While the President may be correct about for-profits’ motives, he sidesteps the fact that the expansion of government into the business of higher education is what caused the problem in the first place. The G.I. Bill, initiated by Franklin Delano Roosevelt in 1944, and the Higher Education Act of 1965 set in motion the system of federal funding for certain kinds of students. So the U.S. government created a system of powerful incentives for recruiting students who come with federal money—and then it reacts in moral outrage when innovators act on those incentives. This is a case of unintended consequences of government intervention. The very people the feds sought to help end up being the ones taken advantage of. (Another example of this is laws requiring generous maternity policies for employees, which can make companies reticent to hire women.) 

In any case, if students are going to take on large loans to pay for their education, they should know more in advance about what this choice means. President Obama’s April speech to veterans included an announcement that he would sign an executive order that would help protect students from too easily becoming debt victims. The order would require colleges participating in the GI program to supply veteran students with a “Know Before You Owe” guide informing students about how much debt they will incur. Such a guide would be at least one step in the right direction, although it might not prevent students from rushing into big loans. 

Why do so many students go into such deep debt so blindly and come out on the other side dazed and disillusioned? A big part of the reason is that they have been bombarded with the message that in today’s world, the only path to success is through college. They haven’t been told that they can consider other options. President Obama’s big goal is to have dramatically larger numbers of students enroll in higher education. The trend toward this so far has caused an inflation of the bachelor’s degree to the point where it no longer signifies a special achievement. The push to get just about everyone to go to college heightens the anxiety that “I’ll be a failure if I don’t” and drowns concerns about student loans in the swift-moving current of the college track, which sweeps people away with words like “investment.” 

So let’s recap. The government sets up federal funding for higher education. It tells students that they have to go to college to succeed. Then when for-profit colleges do everything they can to capture that funding and students do everything they can (including going deeply in debt) to avail themselves of the means for success, the government castigates the for-profits for using federal mechanisms to victimize students. 

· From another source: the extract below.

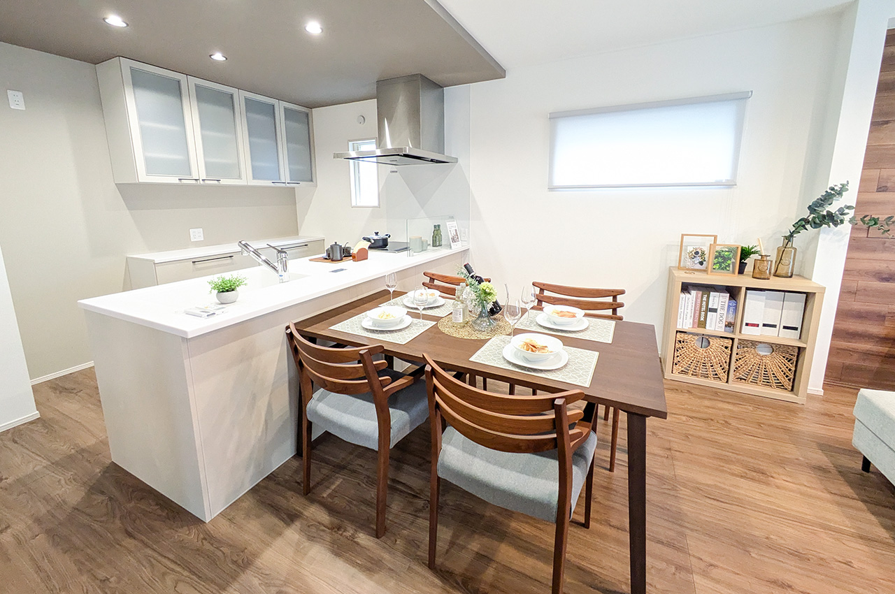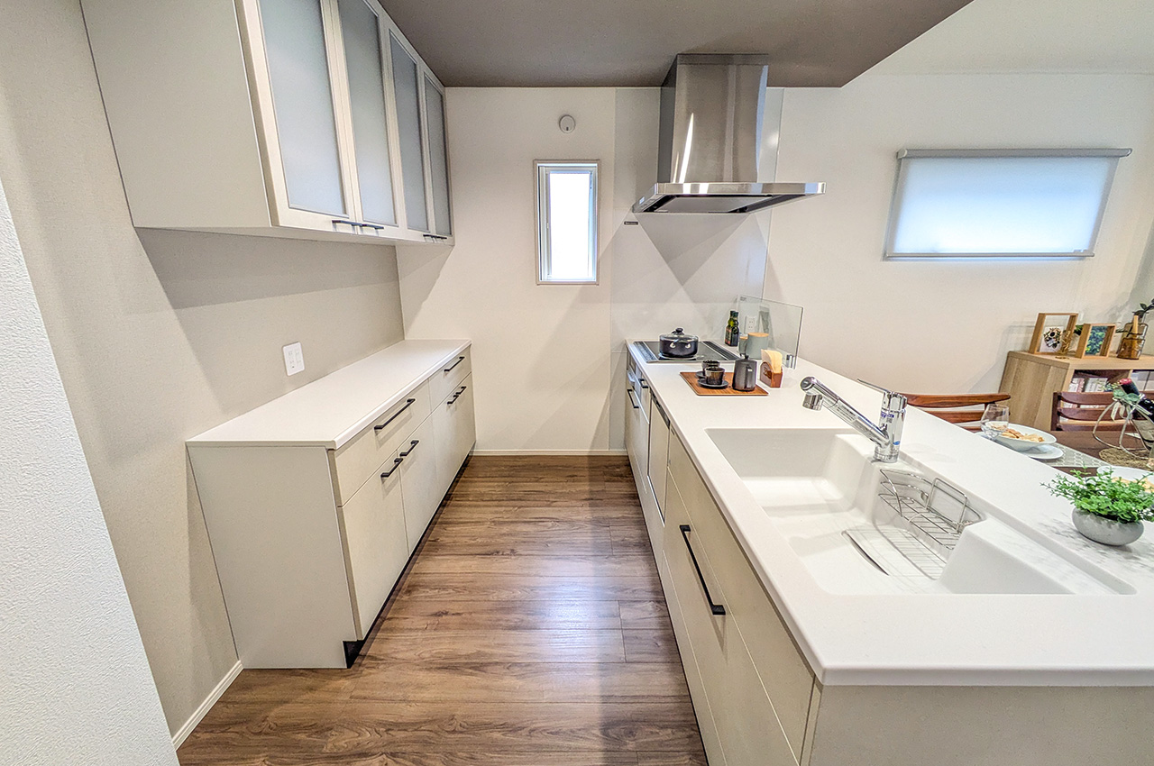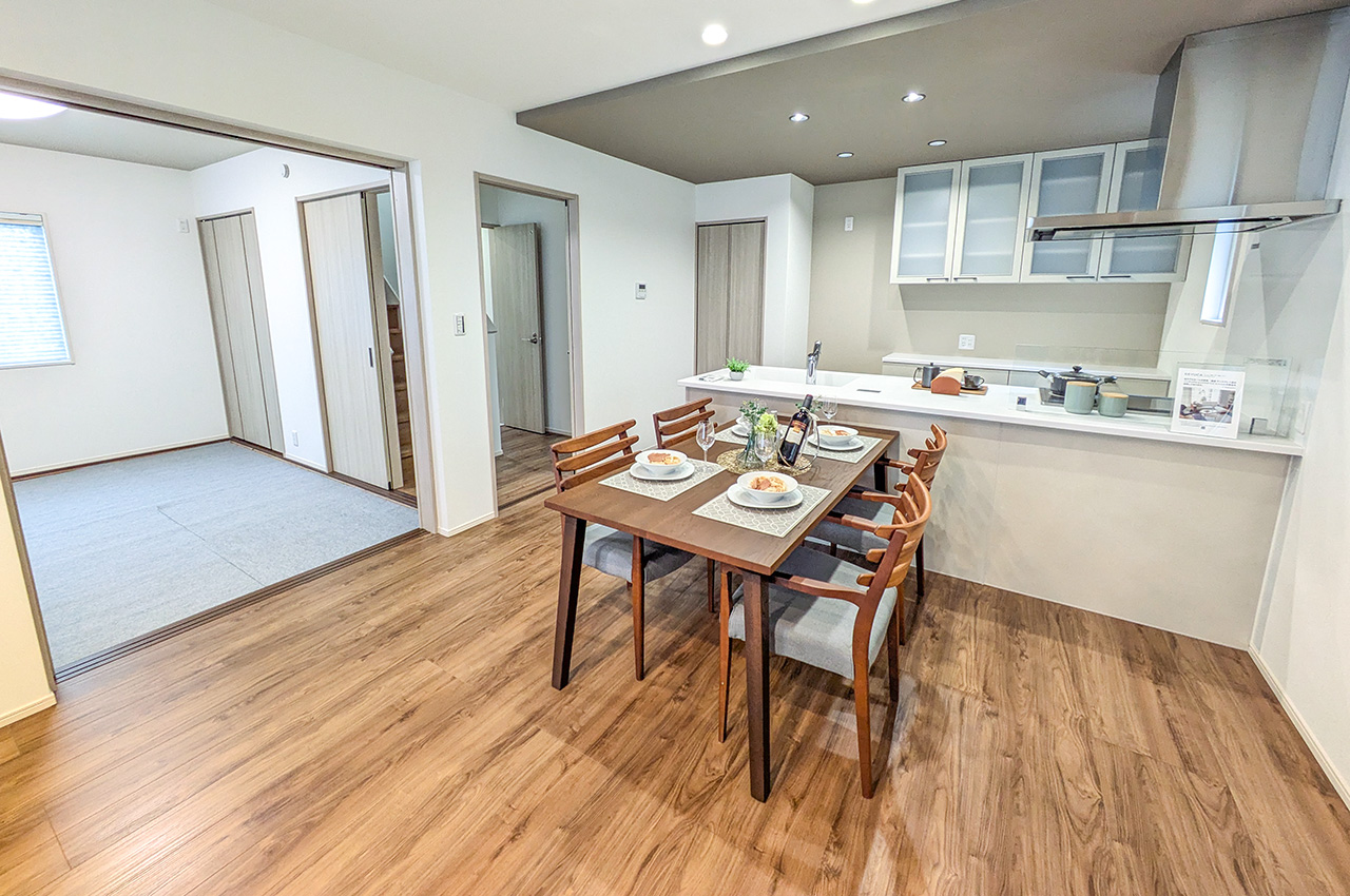 LDK空間の広さをより実感できるオープンキッチン。開放的で目線を遮るものがなくコミュニケーションが取りやすいため、料理をしながらの会話も弾み、お手伝いにも気軽に参加できます。

According to the Rock Center article, officials at for-profits say they provide financial aid counseling but in the end, the students are the ones responsible for making their own choices. 

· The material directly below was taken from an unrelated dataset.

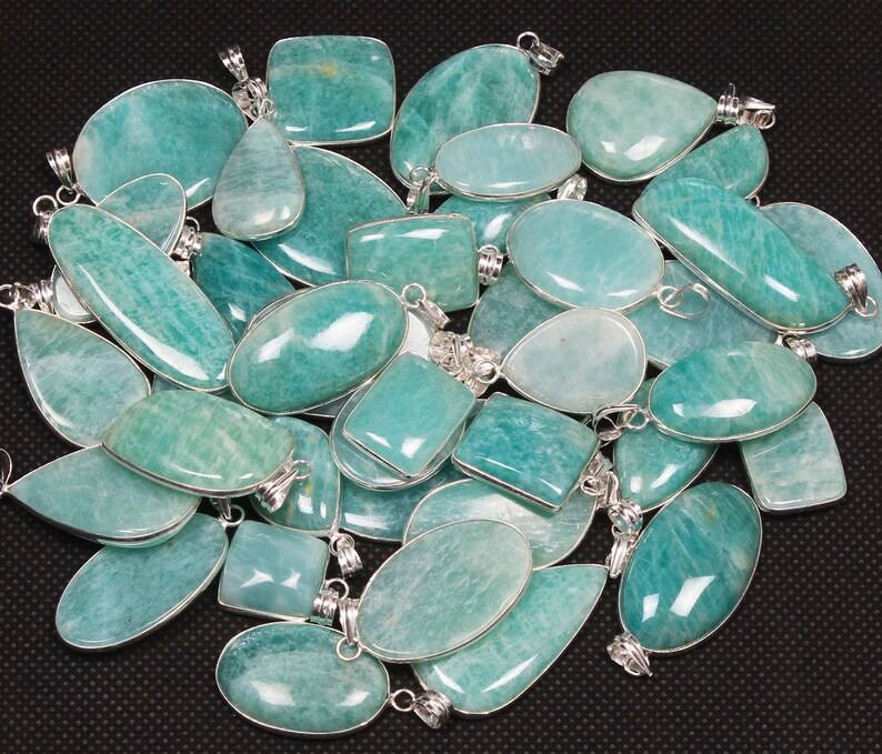 จี้พลอยอเมซอนธรรมชาติทำด้วยมือจี้สร้อยคอเครื่องประดับจี้คริสตัลอเมซอนไนท์สำหรับผู้หญิงขายส่งจี้จำนวนมาก

The Senate report recommends 

prohibiting colleges from using federal financial-aid dollars for marketing and lobbying, calling for more transparent disclosures of the cost of attendance, and requiring the Education Department to better track student outcomes. 

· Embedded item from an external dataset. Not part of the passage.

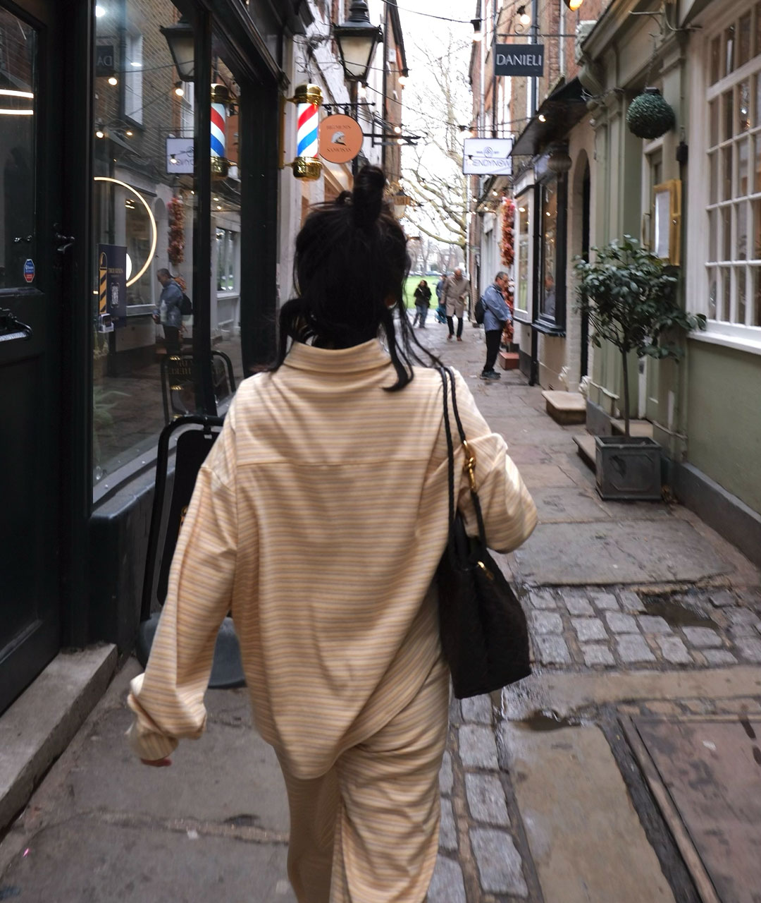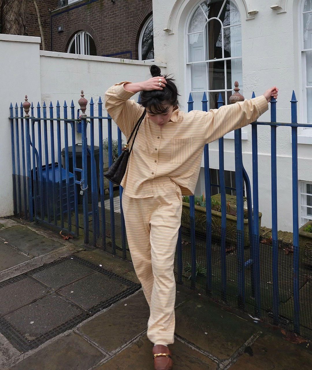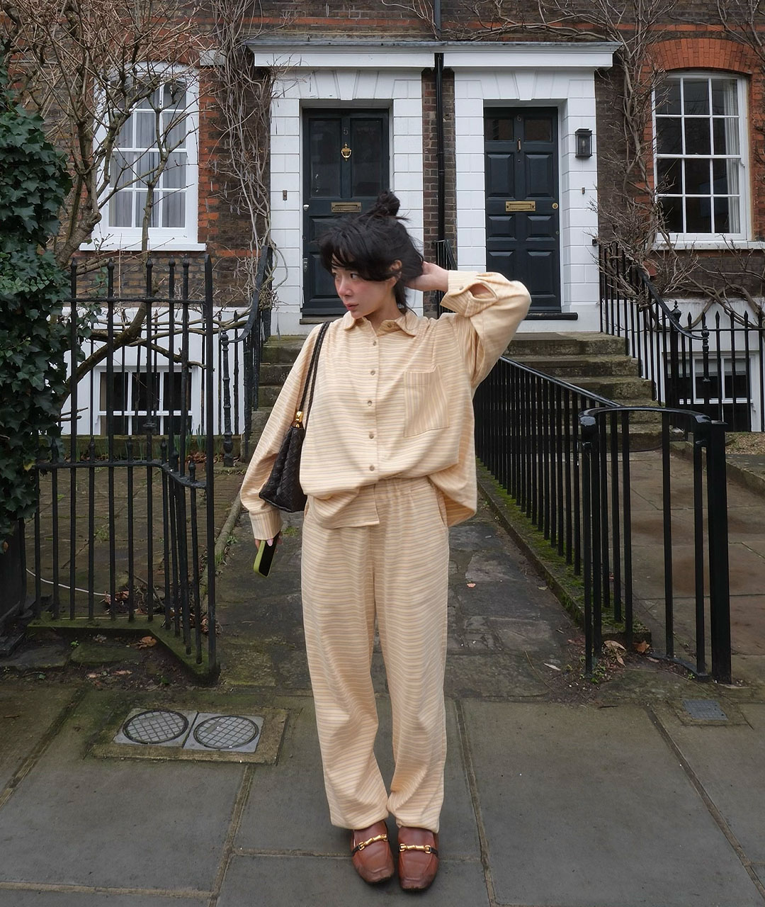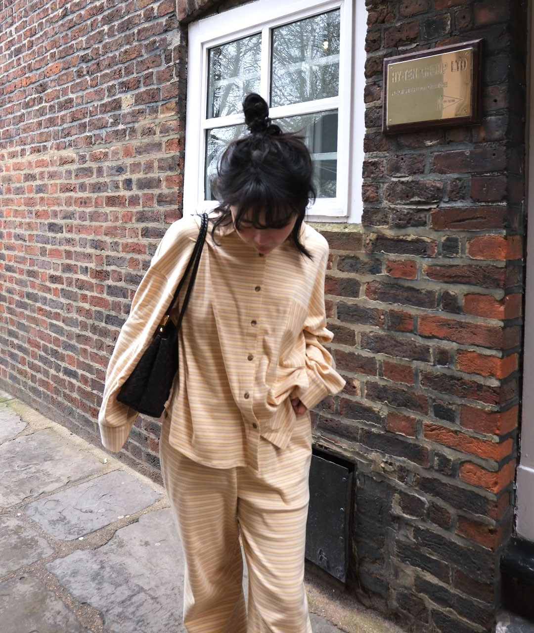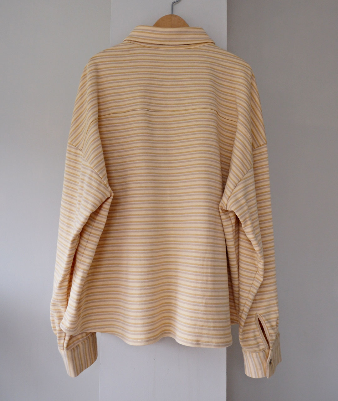 This striped shirt features a soft color mix of butter yellow, light grey, and ivory.
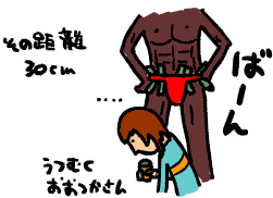 「うわあああ、だ、ダンサー全員が、客席をうろうろうろうろしてる………パンツ1枚で………」

These sound like good suggestions, but they won’t prevent the unintended consequences of what the federal government is doing. It is simultaneously pushing everyone into college and then slapping them back. The federal government has created a system of perverse incentives in which it channels into college people who are either not ready for it or not right for it. They take on massive amounts of debt, learn little while in college, and have difficulty getting jobs and paying off their loans. 

This is the story of college today, and not just for-profit college. Pushing people into junk education is a problem; whether the junk is for-profit or not-for-profit is irrelevant. Ultimately Harkin’s report and other attacks on the for-profit sector are an attempt to deflect attention from a bigger problem: the rapidly plummeting value of a college degree.